見取り図・盛山晋太郎【写真:Getty Images】
「大音量の君が代を聞いたとき、ぶわっと涙が出てきました」。ほぼ毎週仲間の芸人たちと草サッカーに興じているサッカー大好き芸人・見取り図の盛山晋太郎は、FIFAワールドカップ2026の日本代表対チュニジア代表を、メキシコ・モンテレイで現地観戦した。海外開催のW杯を生で見るのは今回が初めて。しかも、アメリカでの仕事の合間を縫った0泊の弾丸日程だった。4得点の快勝、現地で感じた日本人気、街を包んだ“フェス感”。盛山が初めて体感した「世界の祭典」の魅力とは何だったのか。(取材・文:内藤秀明)[2/2ページ]
0泊の弾丸日程でも「ほんまに行けて良かった」

ファンフェスティバルに参加する大勢のサッカーファン【写真:Getty Images】
今回の観戦は、アメリカで別の仕事があった上で、アメリカからメキシコへの0泊の弾丸日程だった。試合後はそのままアメリカ経由で日本への帰路に就き、飛行機の遅延にも見舞われた。
「僕は0泊やったので、夜に飲みに行く時間はありませんでした。試合を観て、そのまま帰りました。そこからが地獄でしたね。

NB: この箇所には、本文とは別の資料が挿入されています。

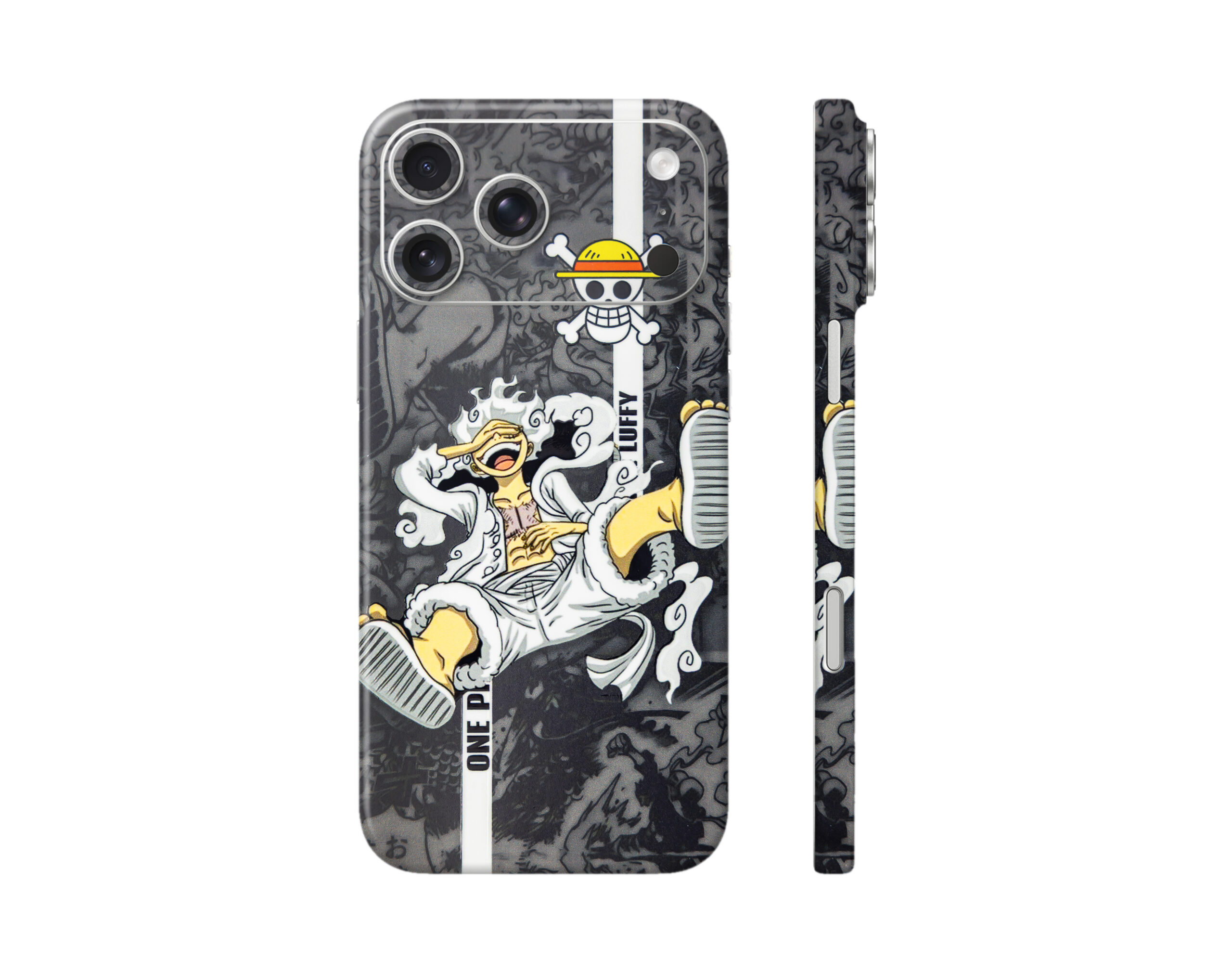 Unleash the ultimate anime vibe with this premium embossed Gear 5 Luffy iPhone 17 series mobile skin, inspired by the iconic transformation from One Piece. Designed with a bold monochrome background and vibrant Luffy artwork, this skin delivers a perfect mix of style, durability, and premium finish.

飛行機がかなり遅延しました」
海外観戦には、費用やチケット、移動、言語、治安といった不安もある。盛山も渡航前には、現地の治安を心配していた。
「治安が悪いイメージはありましたけど、僕が滞在した範囲では全然問題なかったです。スタジアムだけでなく、街全体がフェスのようになっていました。開催国も威信をかけて守ってくれているんやと思います」
と語る。その後、盛山は改めて「ほんまに行けて良かった」と懐かしみながら呟いた。
「サッカーに興味がない人にも…」

チュニジア戦後のサッカー日本代表とサポーター【写真:Getty Images】
「サッカーに興味がない人にも、いやまだまだライトなファンこそお祭り気分で、旅行気分で、一度は行ってほしいですね。サッカーは競技人口が多くて、ワールドカップは世界中のみんなが騒ぐお祭りやと思います。やから俺みたいなライトなサッカーファンでも楽しめたんだと思います」
104試合に681万人が集まり、スタジアムの外に設けられたファンフェスティバルにも770万人以上が足を運んだ。盛山が語った体験は、ワールドカップが熱心なサッカーファンだけで成り立っているわけではないことを示している。
選手や戦術を知っていれば、試合をより深く理解できる。ただ、詳しくなければ楽しめない祭典ではない。知らない人と一緒に歌い、ゴールに喜び、その国の食事や文化に触れることも、ワールドカップの一部である。
「また4年後も行きたいな」
サッカーに詳しくなくても、まずは世界中の人々と同じ場所で盛り上がってみる。盛山がメキシコから持ち帰ったのは、その入り口が誰にでも開かれているという実感だった。